As we touched on previously, KERI was built with scalability in mind. keripy strongly prefers asynchronous communications for scalability and is designed to handle out-of-order messaging. Even keripy and KERIA are both built on a powerful library for implementing hierarchical structured concurrency called hio.

As a result, most operations that you can perform with a Signify client are asynchronous. For example, when you create a managed identifier for a user, it will be in a pending state until it receives a threshold amount of witness receipts.

const result = await client.identifiers().create(name, { toad: 2, wits: [ "BBilc4-L3tFUnfM_wJr4S4OJanAv_VmF_dJNN6vkf2Ha", "BLskRTInXnMxWaGqcpSyMgo0nYbalW99cGZESrz3zapM", "BIKKuvBwpmDVA4Ds-EpL5bt9OqPzWPja2LigFYZN2YfX", ] }); const operation = await result.op(); const complete = (await client.operations().get(operation.name)).done;

In the above example, we are using the GET /operations/{name} endpoint to check if a long running operation is complete.

⚠️

A complete operation can have succeeded or failed. In both cases, done will be true, so you should check if there is an error in the operation response as well.

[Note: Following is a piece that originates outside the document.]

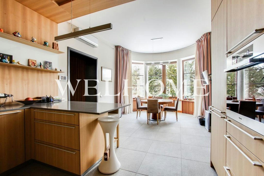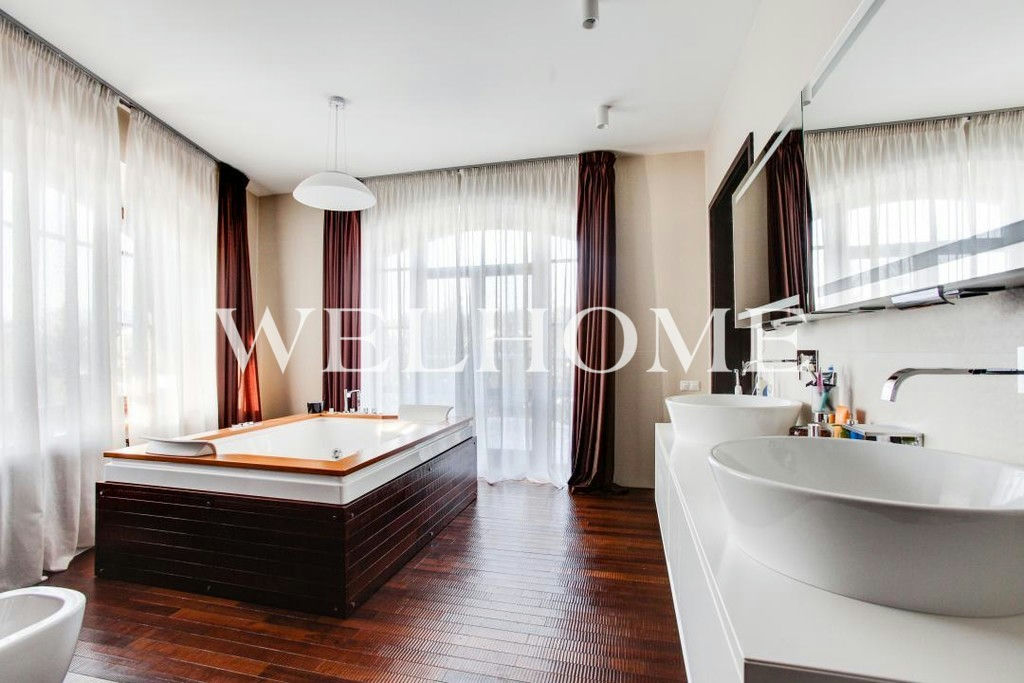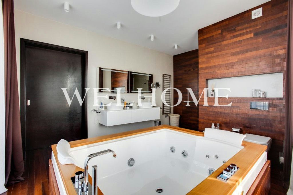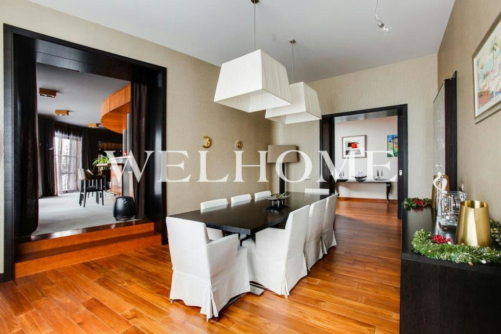 ID объекта на сайте Welhome: Z-14799. Предлагается новый дом, с мебелью, на ландшафтном участке в элитном поселке.Функциональная планировка предусматривает наличие просторной гостиной со вторым светом и выходом на патио, столовой, кухни, кабинета, кинотеатра, 4 спален. Готов к проживанию: меблирован, укомплектован необходимой техникой современных производителей премиум-класса.Интерьер выполнен в современном стиле, в отделке использовались качественные и натуральные материалы. На участке выполнен ландшафтный дизайн. Предусмотрен гараж на три машиноместа и квартира для персонала.

Operations can be deleted afterwards if desired.

Dependencies

A long running operation can depend on another long running operation to be considered fully complete, which is embedded in the metadata.depends field. As it currently stands, an operation can be considered done before it’s dependency is done — detailed here.

Event Driven Approach

Continuous polling for operation completion itself isn’t quite so scalable. As a community, we intend to implement an event driven approach using server sent events. SSE is a lightweight approach that is native HTTP, and avoids the need to add extra infrastructure such as message brokers.